Records from a data source
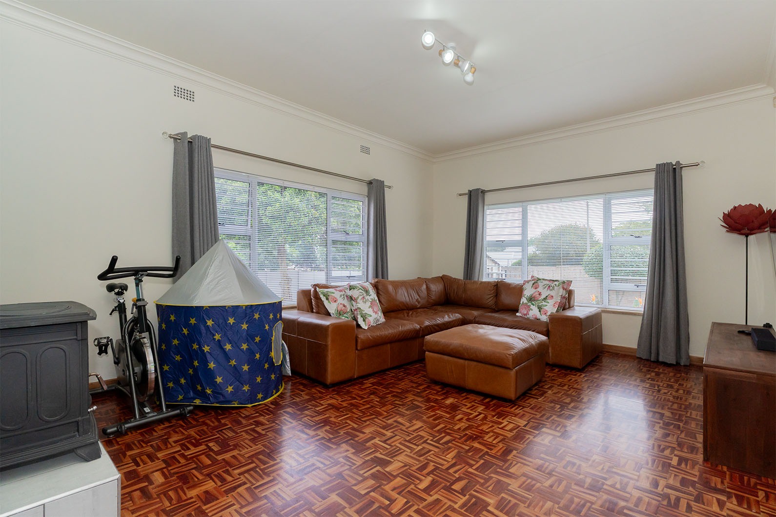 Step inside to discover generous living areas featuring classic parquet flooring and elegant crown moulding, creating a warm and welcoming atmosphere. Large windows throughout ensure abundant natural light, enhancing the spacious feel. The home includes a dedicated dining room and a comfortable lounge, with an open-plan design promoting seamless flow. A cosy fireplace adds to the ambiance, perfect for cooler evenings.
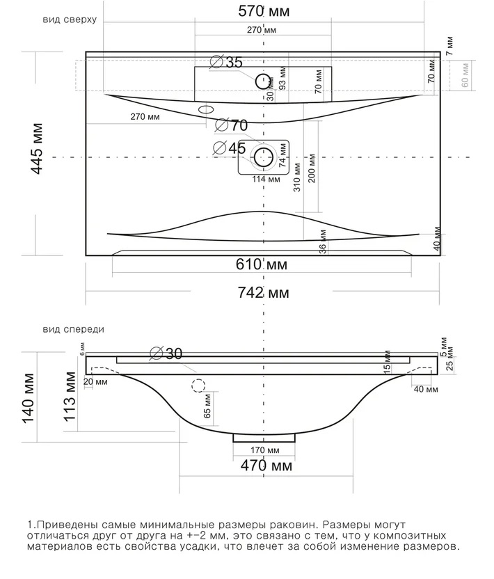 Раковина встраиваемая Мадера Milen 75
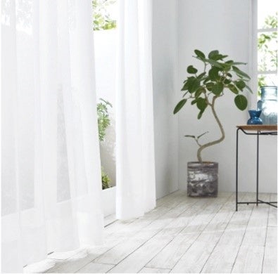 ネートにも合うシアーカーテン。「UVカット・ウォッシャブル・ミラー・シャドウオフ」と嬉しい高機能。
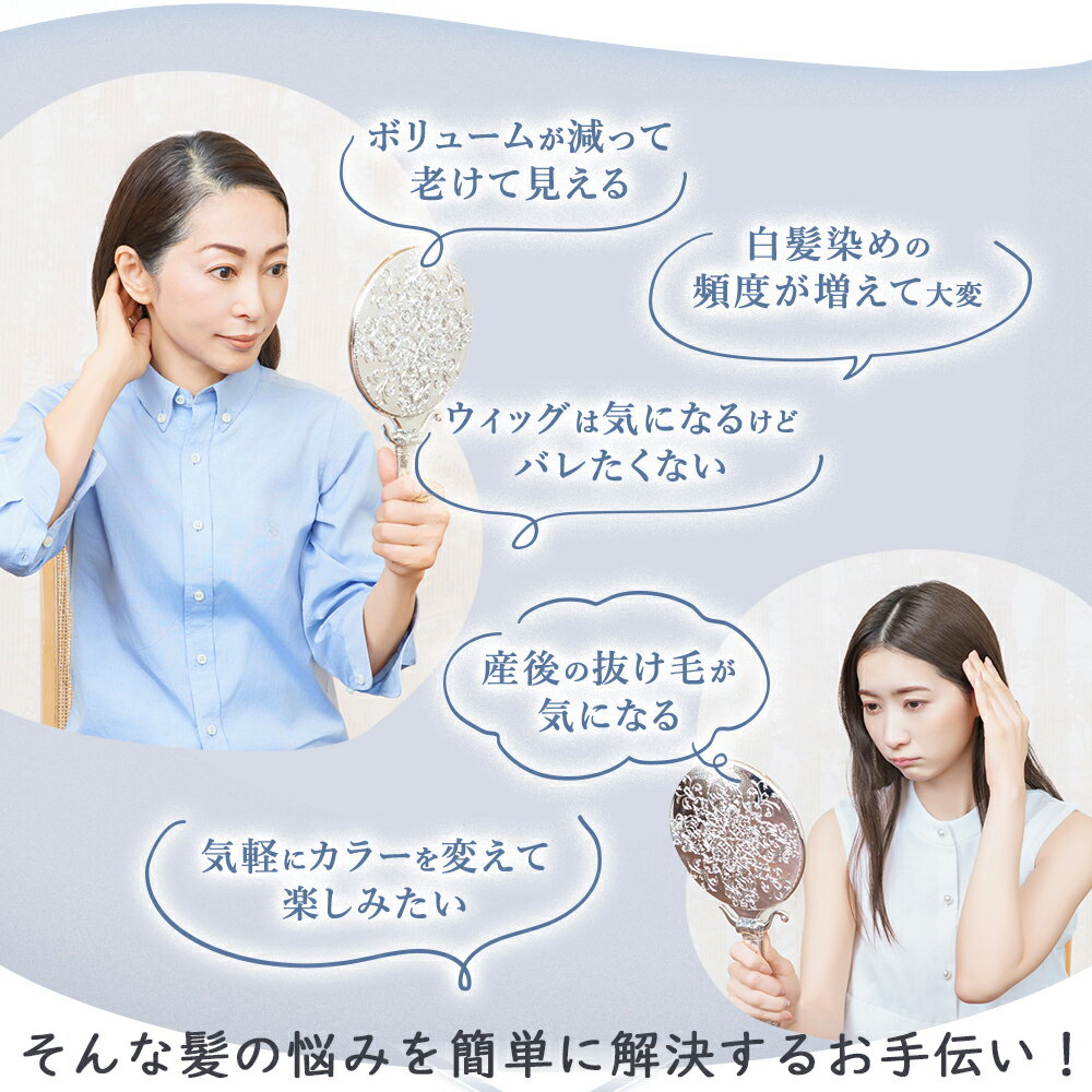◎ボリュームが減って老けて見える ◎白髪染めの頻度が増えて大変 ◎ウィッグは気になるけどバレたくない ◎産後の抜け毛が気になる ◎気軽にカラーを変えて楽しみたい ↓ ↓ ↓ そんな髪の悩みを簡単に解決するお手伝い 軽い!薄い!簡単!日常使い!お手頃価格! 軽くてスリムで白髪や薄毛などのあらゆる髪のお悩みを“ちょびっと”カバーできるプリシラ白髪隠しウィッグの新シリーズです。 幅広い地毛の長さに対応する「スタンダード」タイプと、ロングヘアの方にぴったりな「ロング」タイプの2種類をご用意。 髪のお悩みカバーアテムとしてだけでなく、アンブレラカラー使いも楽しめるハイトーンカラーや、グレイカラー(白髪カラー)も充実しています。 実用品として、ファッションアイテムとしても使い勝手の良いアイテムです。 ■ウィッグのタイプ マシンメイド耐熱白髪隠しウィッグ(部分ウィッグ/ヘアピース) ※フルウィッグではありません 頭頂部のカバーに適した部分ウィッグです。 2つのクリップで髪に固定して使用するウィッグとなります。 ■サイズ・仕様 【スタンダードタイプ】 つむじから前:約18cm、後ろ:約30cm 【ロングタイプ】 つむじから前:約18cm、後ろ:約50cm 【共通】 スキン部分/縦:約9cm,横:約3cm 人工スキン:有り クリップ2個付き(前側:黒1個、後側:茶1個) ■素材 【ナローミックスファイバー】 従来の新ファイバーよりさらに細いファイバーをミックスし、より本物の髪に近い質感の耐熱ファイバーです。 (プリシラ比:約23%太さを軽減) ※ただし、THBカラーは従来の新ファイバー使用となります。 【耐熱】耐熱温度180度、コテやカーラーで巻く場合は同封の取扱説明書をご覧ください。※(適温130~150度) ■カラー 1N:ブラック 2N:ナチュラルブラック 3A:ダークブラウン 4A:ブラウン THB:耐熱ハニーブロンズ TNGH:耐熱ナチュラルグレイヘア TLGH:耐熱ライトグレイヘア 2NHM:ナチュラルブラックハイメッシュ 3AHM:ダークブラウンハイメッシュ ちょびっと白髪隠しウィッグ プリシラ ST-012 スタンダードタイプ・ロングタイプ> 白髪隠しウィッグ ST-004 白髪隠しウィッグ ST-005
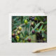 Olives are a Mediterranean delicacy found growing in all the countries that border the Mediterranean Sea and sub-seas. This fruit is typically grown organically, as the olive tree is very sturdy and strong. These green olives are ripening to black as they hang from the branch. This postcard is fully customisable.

◆ EXERCISE GOAL:
Please repeat, exactly as written, only the lines from the line with "Раковина встраиваемая Мадера Milen 75" to the end of the data, leaving out every picture.

◆ ANSWER FOR THIS EXERCISE:
 Раковина встраиваемая Мадера Milen 75
 ネートにも合うシアーカーテン。「UVカット・ウォッシャブル・ミラー・シャドウオフ」と嬉しい高機能。
◎ボリュームが減って老けて見える ◎白髪染めの頻度が増えて大変 ◎ウィッグは気になるけどバレたくない ◎産後の抜け毛が気になる ◎気軽にカラーを変えて楽しみたい ↓ ↓ ↓ そんな髪の悩みを簡単に解決するお手伝い 軽い!薄い!簡単!日常使い!お手頃価格! 軽くてスリムで白髪や薄毛などのあらゆる髪のお悩みを“ちょびっと”カバーできるプリシラ白髪隠しウィッグの新シリーズです。 幅広い地毛の長さに対応する「スタンダード」タイプと、ロングヘアの方にぴったりな「ロング」タイプの2種類をご用意。 髪のお悩みカバーアテムとしてだけでなく、アンブレラカラー使いも楽しめるハイトーンカラーや、グレイカラー(白髪カラー)も充実しています。 実用品として、ファッションアイテムとしても使い勝手の良いアイテムです。 ■ウィッグのタイプ マシンメイド耐熱白髪隠しウィッグ(部分ウィッグ/ヘアピース) ※フルウィッグではありません 頭頂部のカバーに適した部分ウィッグです。 2つのクリップで髪に固定して使用するウィッグとなります。 ■サイズ・仕様 【スタンダードタイプ】 つむじから前:約18cm、後ろ:約30cm 【ロングタイプ】 つむじから前:約18cm、後ろ:約50cm 【共通】 スキン部分/縦:約9cm,横:約3cm 人工スキン:有り クリップ2個付き(前側:黒1個、後側:茶1個) ■素材 【ナローミックスファイバー】 従来の新ファイバーよりさらに細いファイバーをミックスし、より本物の髪に近い質感の耐熱ファイバーです。 (プリシラ比:約23%太さを軽減) ※ただし、THBカラーは従来の新ファイバー使用となります。 【耐熱】耐熱温度180度、コテやカーラーで巻く場合は同封の取扱説明書をご覧ください。※(適温130~150度) ■カラー 1N:ブラック 2N:ナチュラルブラック 3A:ダークブラウン 4A:ブラウン THB:耐熱ハニーブロンズ TNGH:耐熱ナチュラルグレイヘア TLGH:耐熱ライトグレイヘア 2NHM:ナチュラルブラックハイメッシュ 3AHM:ダークブラウンハイメッシュ ちょびっと白髪隠しウィッグ プリシラ ST-012 スタンダードタイプ・ロングタイプ> 白髪隠しウィッグ ST-004 白髪隠しウィッグ ST-005
 Olives are a Mediterranean delicacy found growing in all the countries that border the Mediterranean Sea and sub-seas. This fruit is typically grown organically, as the olive tree is very sturdy and strong. These green olives are ripening to black as they hang from the branch. This postcard is fully customisable.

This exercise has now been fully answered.